To call signal 71 for instance I was doing:例如,要调用信号 71,我正在做:

    signal71.dates <- auxiliar.dates(machine, 71)
    df   <- signalQuery(machine, 71, signal71.dates$min_snsr_dt, signal71.dates$max_snsr_dt)

In case that I need to query more signals I was doing exactly the same procedure but I was taking the min value of max_snsr_dt of my dataframes call signal_number.dates and the max value of the min_snsr_dt of my dataframes signal_number.dates.如果我需要查询更多信号,我正在执行完全相同的过程,但我正在获取我的数据帧调用 signal_number.dates 的 max_snsr_dt 的最小值和我的数据帧 signal_number.dates 的 min_snsr_dt 的最大值。
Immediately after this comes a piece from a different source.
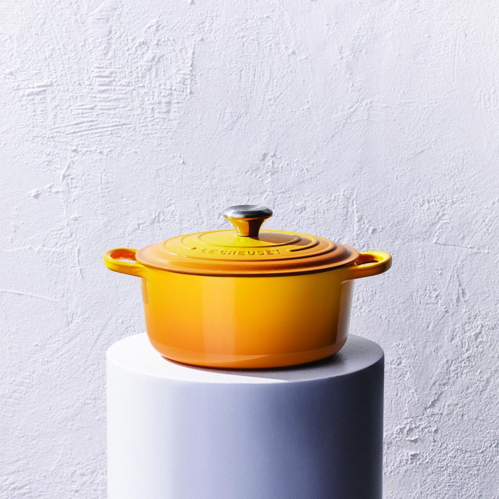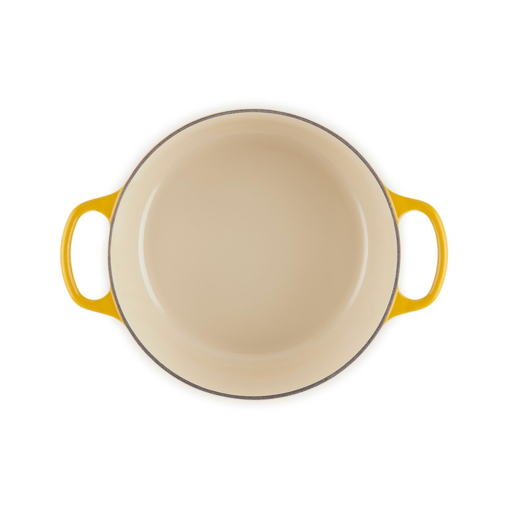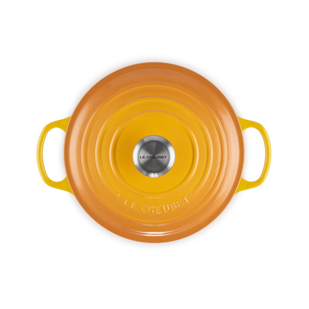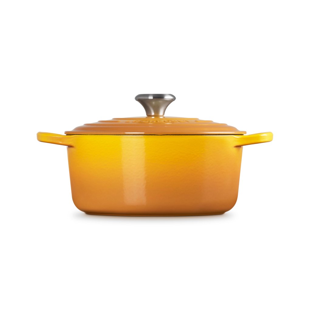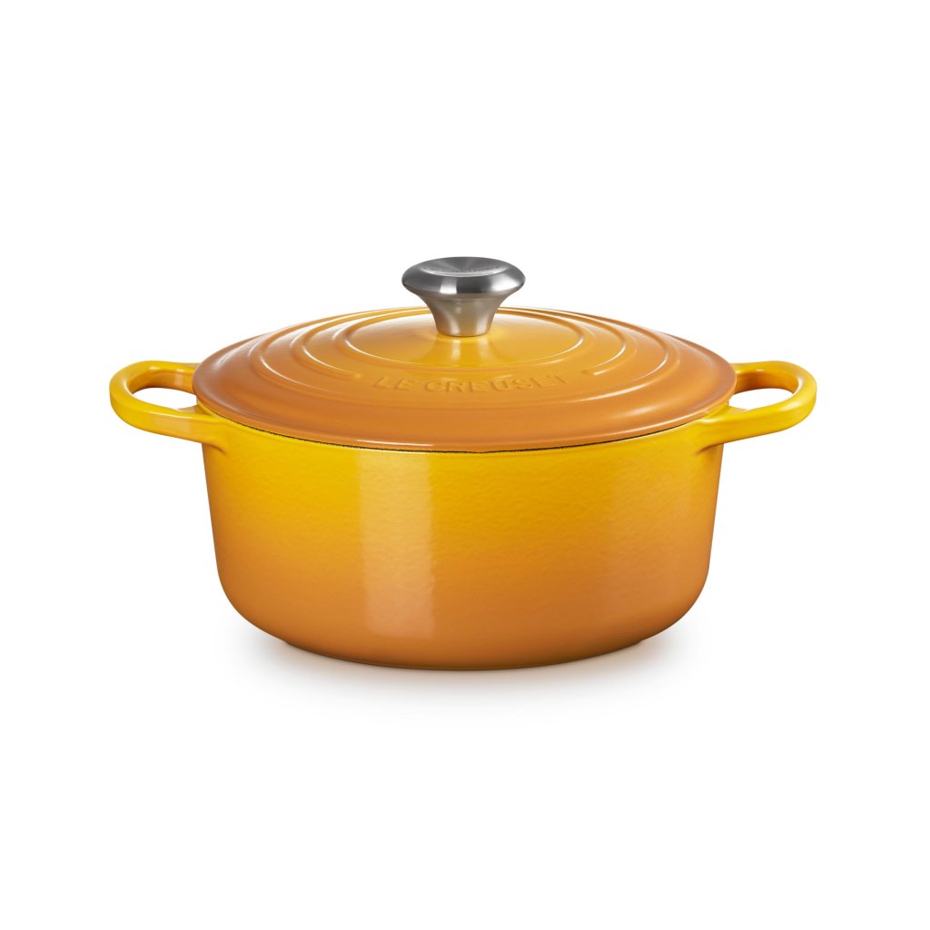 - Het iconische gietijzeren exemplaar casserole pan Le Creuset in de kleur NECTAR is een culinaire klassieker die al meer dan een eeuw keukens over de hele wereld verrijkt.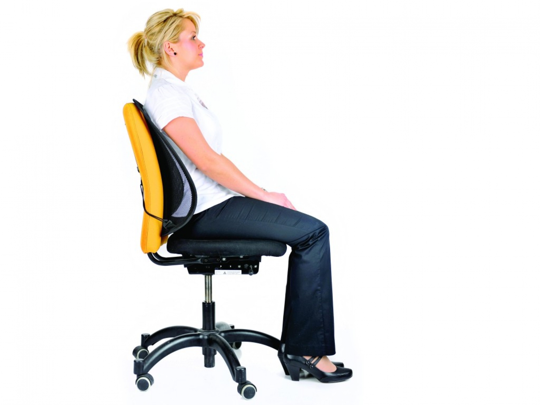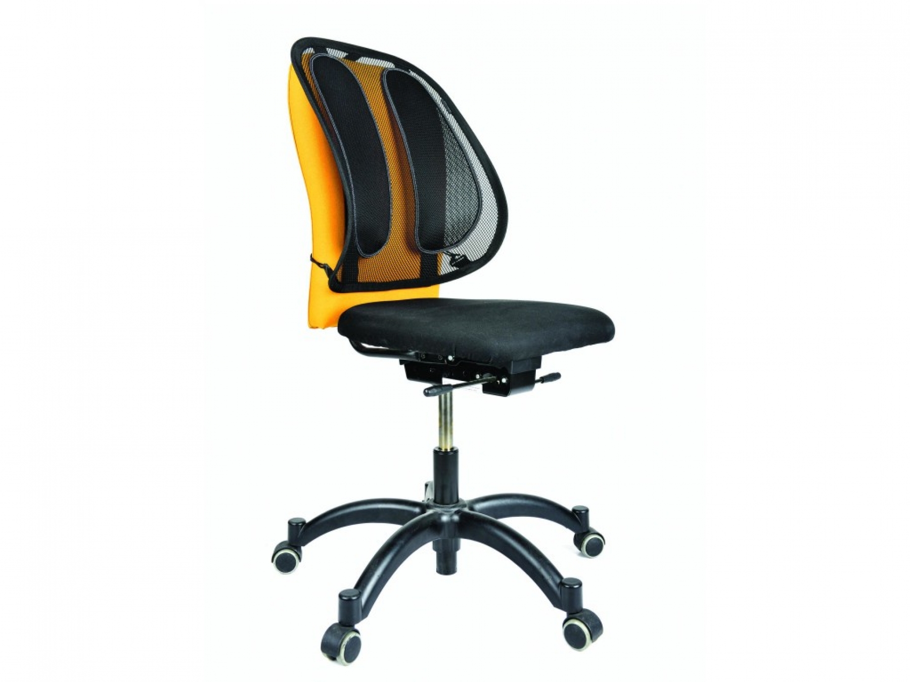 Suport lombar din mesh cu întărituri, care se adaptează la forma corpului. Țesătura cu ochiuri permite circulația aerului, asigurând confortul personal. Sistemul de fixare Tri-tensioning elimină necesitatea ajustărilor constante și se adaptează ușor la orice scaun.

I would like know to change a bit the process and being able to input a vector which the signals that I want in both auxiliar.dates and signalQuery function.我想知道稍微改变一下过程并能够输入一个向量,该向量是我在 auxiliar.dates 和 signalQuery 函数中想要的信号。

My first trial was to modify auxiliar.dates:我的第一次尝试是修改 auxiliar.dates:

q.Aux2 <- " AND t1.signal="

to:到:

q.Aux2 <- " AND t1.signal IN ("
q.Aux.final <- str_c(q.Aux1, machine, q.Aux2, paste(signal, ")", sep = ""))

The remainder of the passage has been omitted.